> Activity:
Everything from the line with "Marc 3-istuttava sohva" to the line with "Nemaxx P9 Pelletofen" in the listing below, both lines included, needs to be copied exactly, apart from the pictures.
########
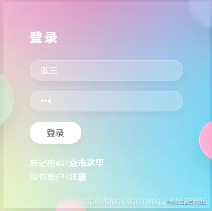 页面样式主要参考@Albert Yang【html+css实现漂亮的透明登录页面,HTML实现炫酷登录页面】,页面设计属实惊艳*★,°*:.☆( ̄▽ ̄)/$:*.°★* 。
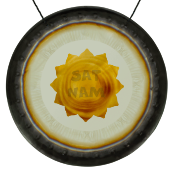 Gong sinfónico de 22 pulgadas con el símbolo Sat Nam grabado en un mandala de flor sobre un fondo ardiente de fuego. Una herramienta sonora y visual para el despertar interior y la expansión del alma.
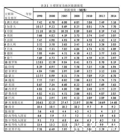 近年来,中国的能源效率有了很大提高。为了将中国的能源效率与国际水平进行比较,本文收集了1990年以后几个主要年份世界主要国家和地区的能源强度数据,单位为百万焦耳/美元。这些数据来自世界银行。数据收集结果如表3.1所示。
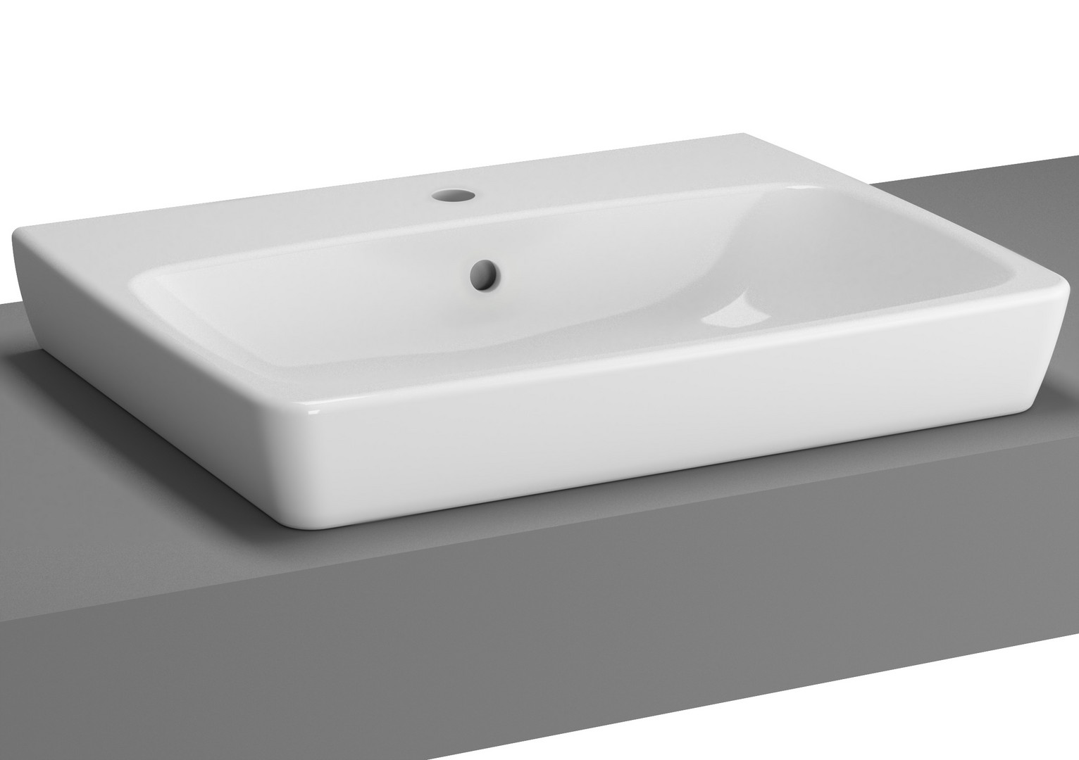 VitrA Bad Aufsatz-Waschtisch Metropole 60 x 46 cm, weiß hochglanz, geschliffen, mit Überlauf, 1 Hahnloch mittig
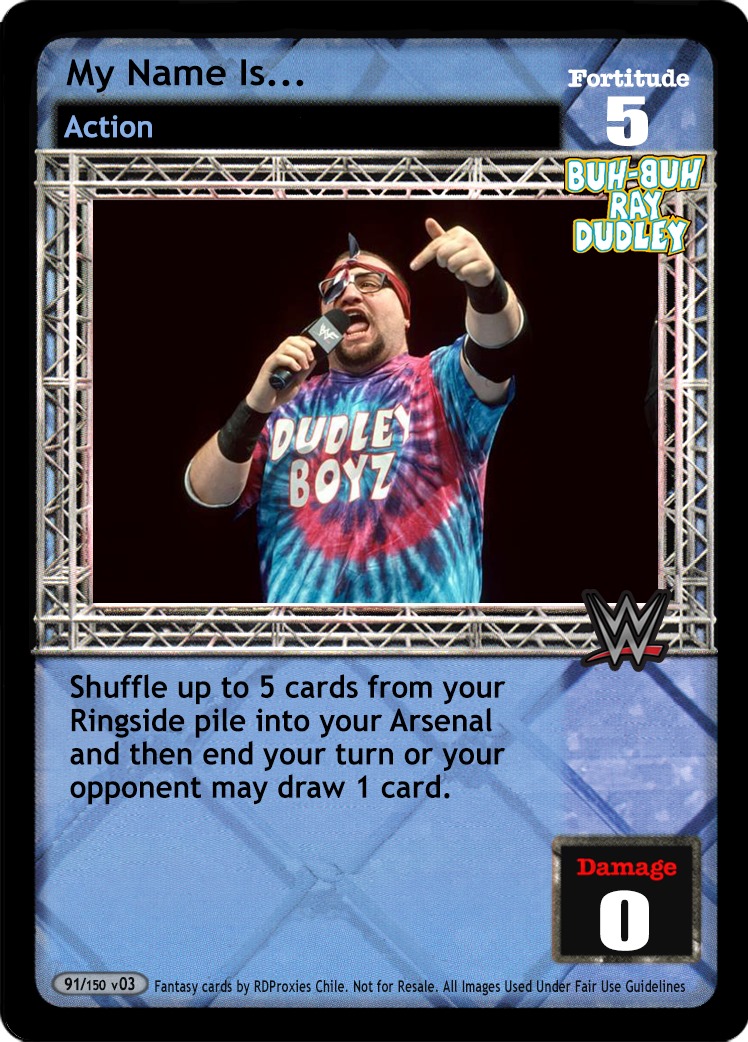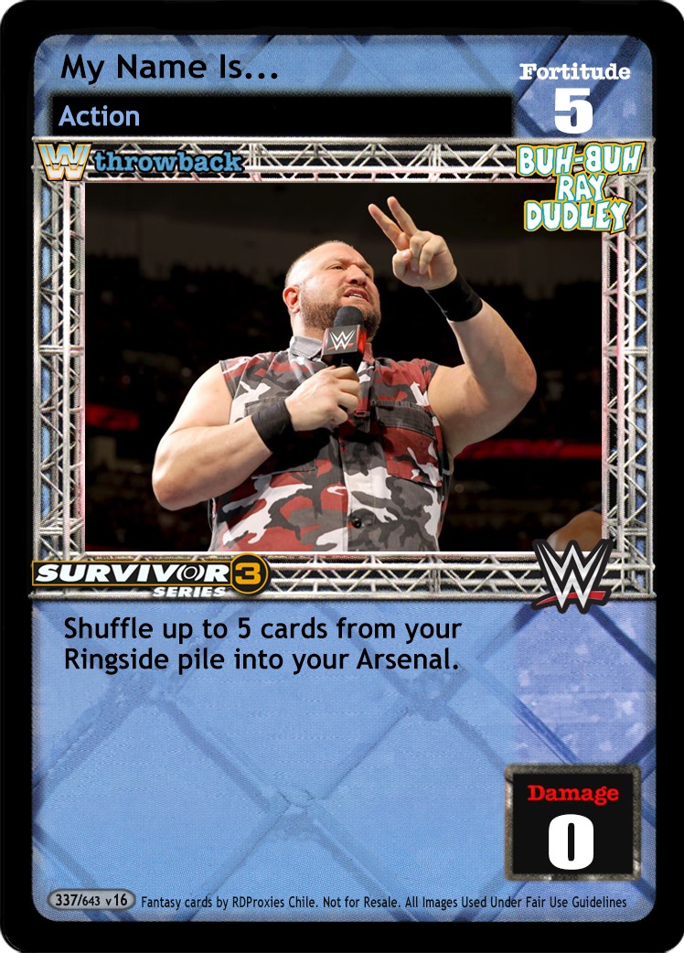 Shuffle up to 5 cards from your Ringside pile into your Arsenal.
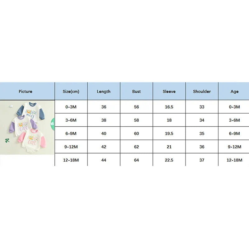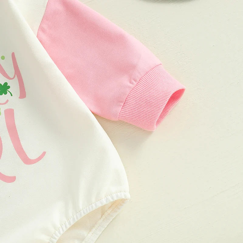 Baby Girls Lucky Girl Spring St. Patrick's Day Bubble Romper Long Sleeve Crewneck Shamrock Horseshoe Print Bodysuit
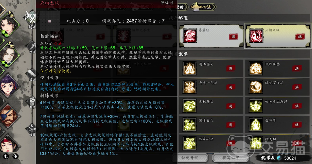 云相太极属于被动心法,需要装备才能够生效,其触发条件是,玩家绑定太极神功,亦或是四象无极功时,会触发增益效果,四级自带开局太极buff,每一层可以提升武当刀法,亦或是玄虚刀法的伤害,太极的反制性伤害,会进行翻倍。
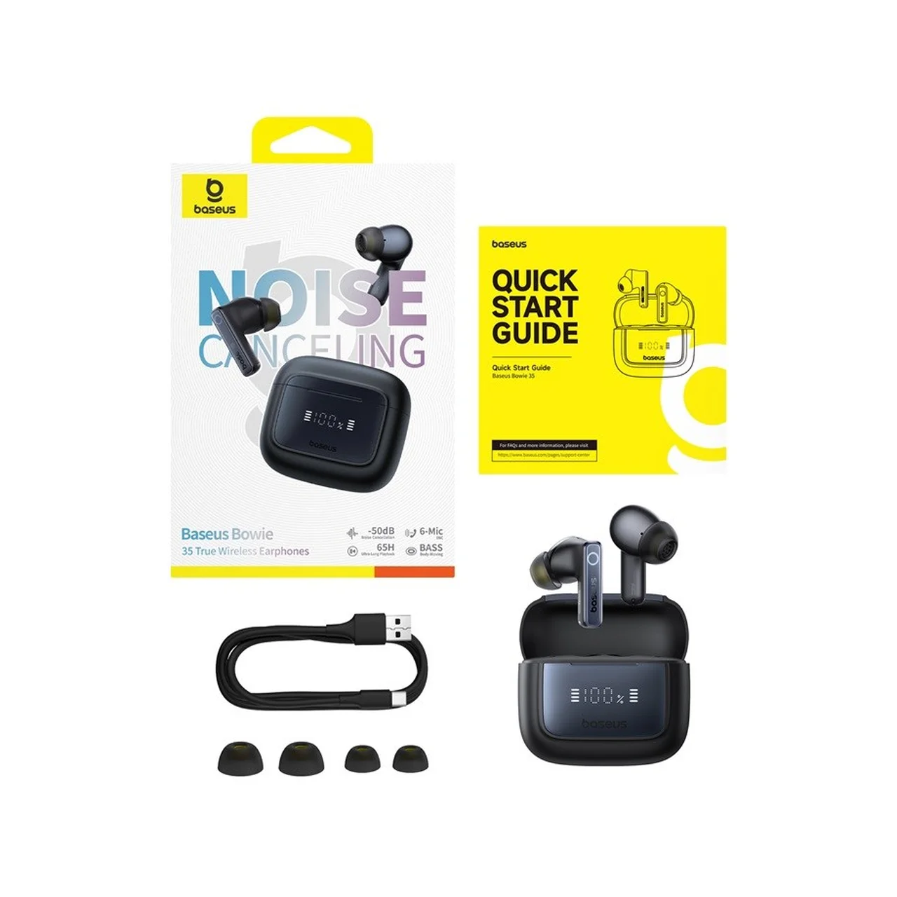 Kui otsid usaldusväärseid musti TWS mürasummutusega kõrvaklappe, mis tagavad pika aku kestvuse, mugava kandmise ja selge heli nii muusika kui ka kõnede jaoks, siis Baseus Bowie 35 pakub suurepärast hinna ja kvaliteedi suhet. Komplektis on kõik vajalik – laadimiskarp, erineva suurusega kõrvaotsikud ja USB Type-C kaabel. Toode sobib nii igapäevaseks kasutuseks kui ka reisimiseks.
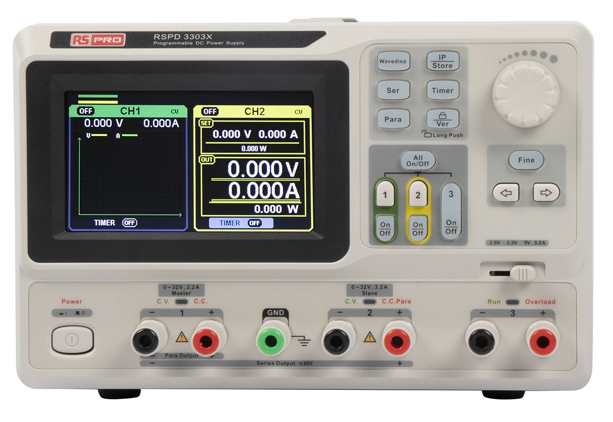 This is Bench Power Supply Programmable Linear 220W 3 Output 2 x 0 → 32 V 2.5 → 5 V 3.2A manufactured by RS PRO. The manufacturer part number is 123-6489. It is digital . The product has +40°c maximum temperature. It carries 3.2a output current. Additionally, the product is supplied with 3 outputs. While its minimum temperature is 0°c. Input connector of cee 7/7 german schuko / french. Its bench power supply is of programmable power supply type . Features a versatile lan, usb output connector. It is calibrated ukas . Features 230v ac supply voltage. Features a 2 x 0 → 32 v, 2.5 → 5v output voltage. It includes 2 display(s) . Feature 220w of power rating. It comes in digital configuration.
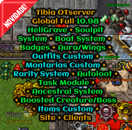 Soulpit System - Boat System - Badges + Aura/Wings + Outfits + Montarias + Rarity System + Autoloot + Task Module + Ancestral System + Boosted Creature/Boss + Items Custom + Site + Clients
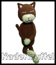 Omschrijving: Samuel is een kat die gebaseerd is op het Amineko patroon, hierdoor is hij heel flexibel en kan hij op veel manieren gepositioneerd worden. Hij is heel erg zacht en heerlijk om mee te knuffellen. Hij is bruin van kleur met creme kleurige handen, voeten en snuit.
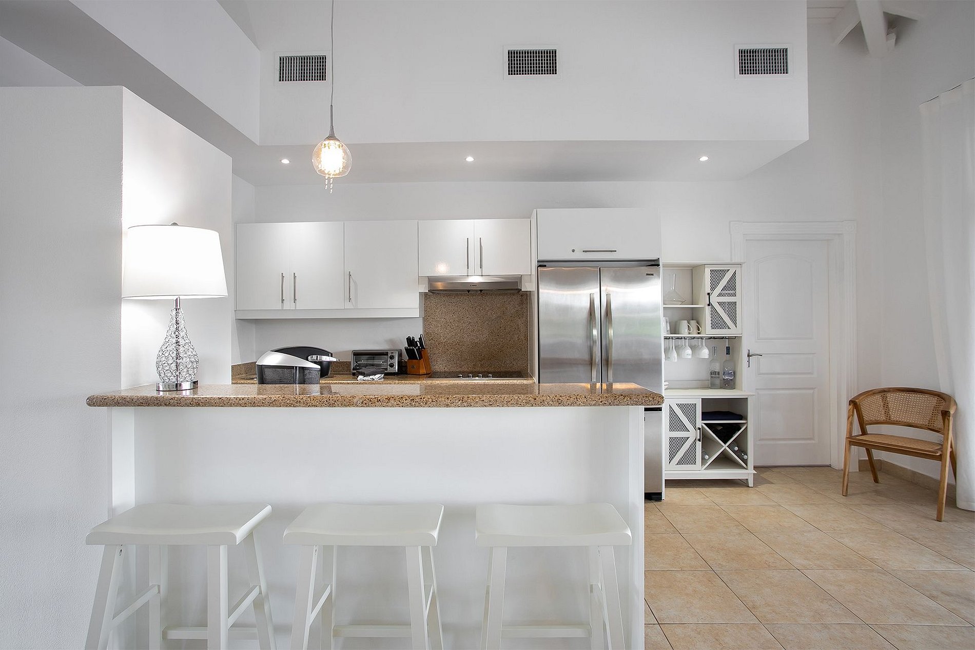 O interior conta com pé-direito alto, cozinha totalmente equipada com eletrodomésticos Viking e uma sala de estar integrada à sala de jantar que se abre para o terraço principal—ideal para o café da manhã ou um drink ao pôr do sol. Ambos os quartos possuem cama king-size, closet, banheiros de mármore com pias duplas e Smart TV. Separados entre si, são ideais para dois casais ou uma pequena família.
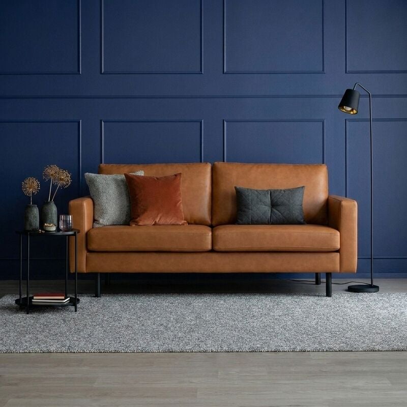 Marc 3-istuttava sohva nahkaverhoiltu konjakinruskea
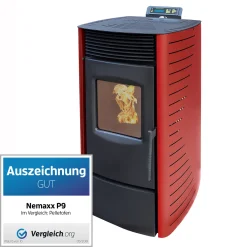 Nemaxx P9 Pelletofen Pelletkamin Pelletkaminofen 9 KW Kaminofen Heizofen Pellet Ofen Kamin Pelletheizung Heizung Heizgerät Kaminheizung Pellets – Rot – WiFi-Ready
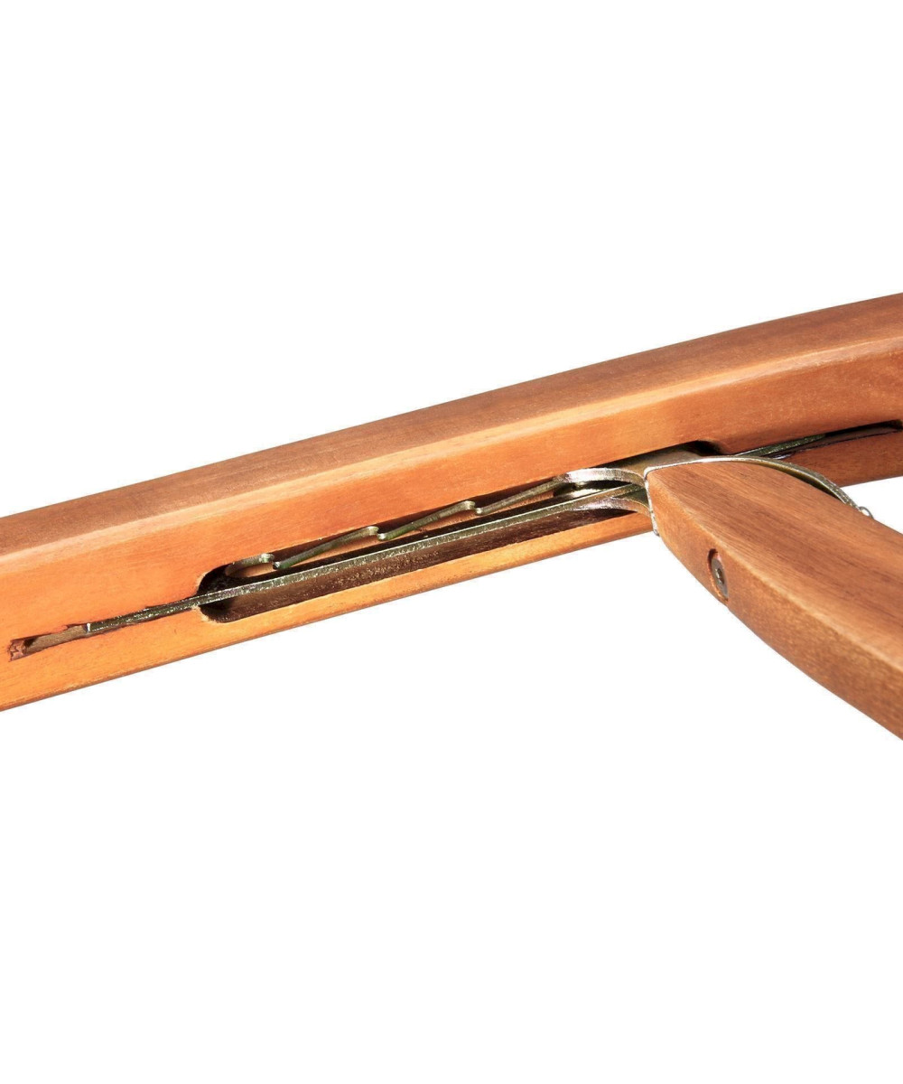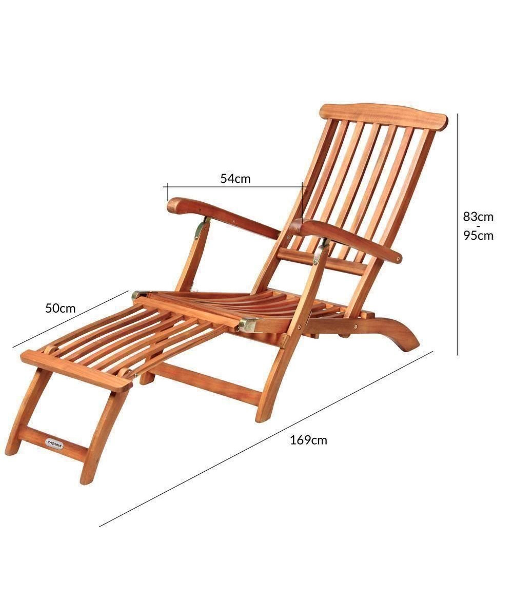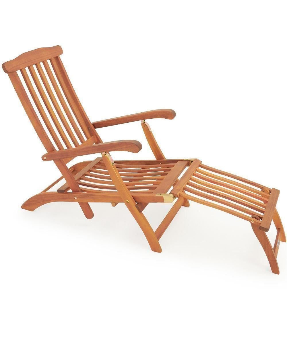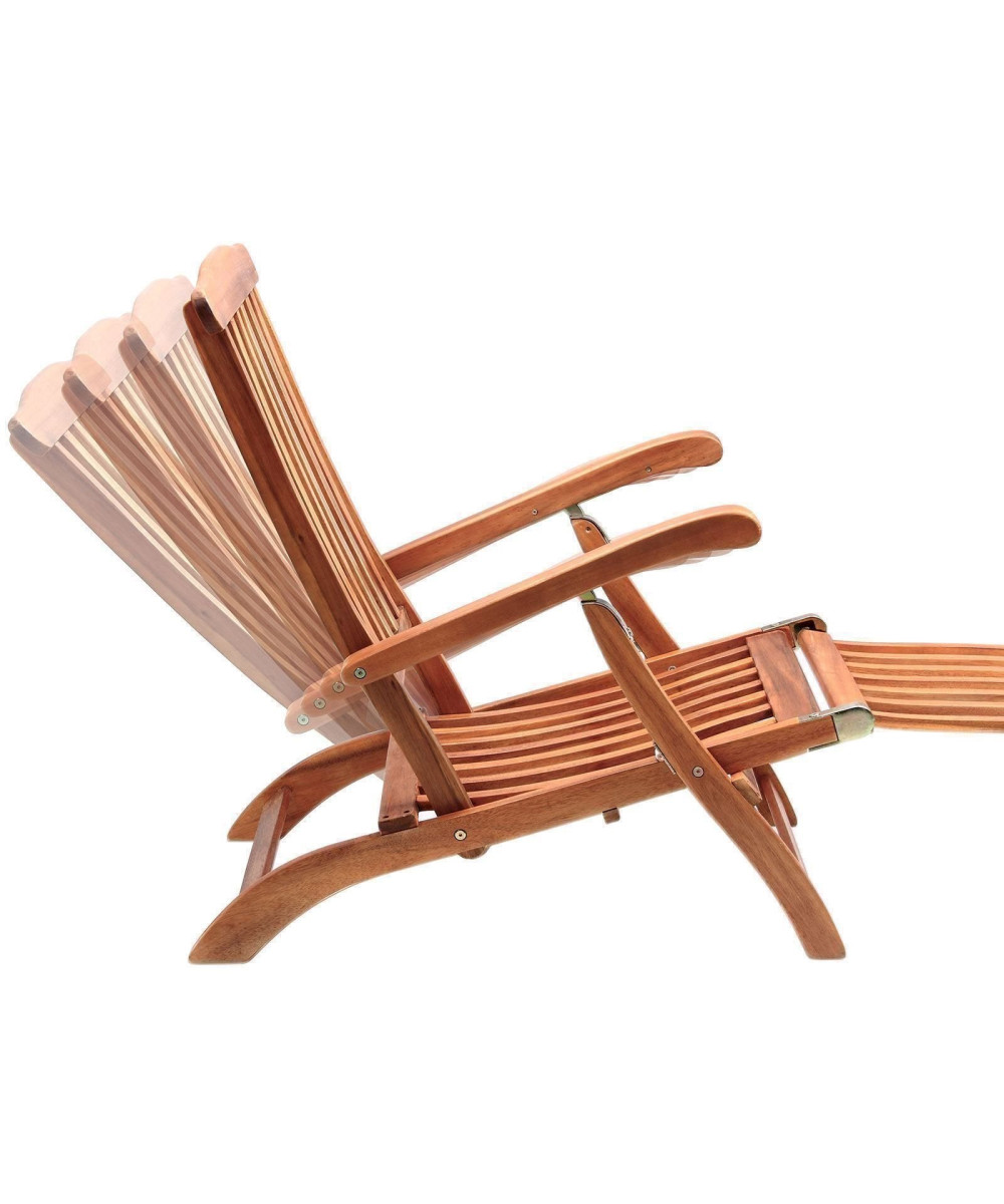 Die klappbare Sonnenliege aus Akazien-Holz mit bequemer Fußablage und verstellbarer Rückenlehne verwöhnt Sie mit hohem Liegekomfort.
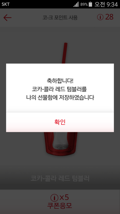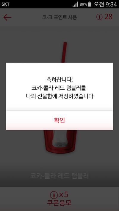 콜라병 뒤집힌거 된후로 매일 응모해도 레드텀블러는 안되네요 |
########
> Output for this exercise:
 Marc 3-istuttava sohva nahkaverhoiltu konjakinruskea
 Nemaxx P9 Pelletofen Pelletkamin Pelletkaminofen 9 KW Kaminofen Heizofen Pellet Ofen Kamin Pelletheizung Heizung Heizgerät Kaminheizung Pellets – Rot – WiFi-Ready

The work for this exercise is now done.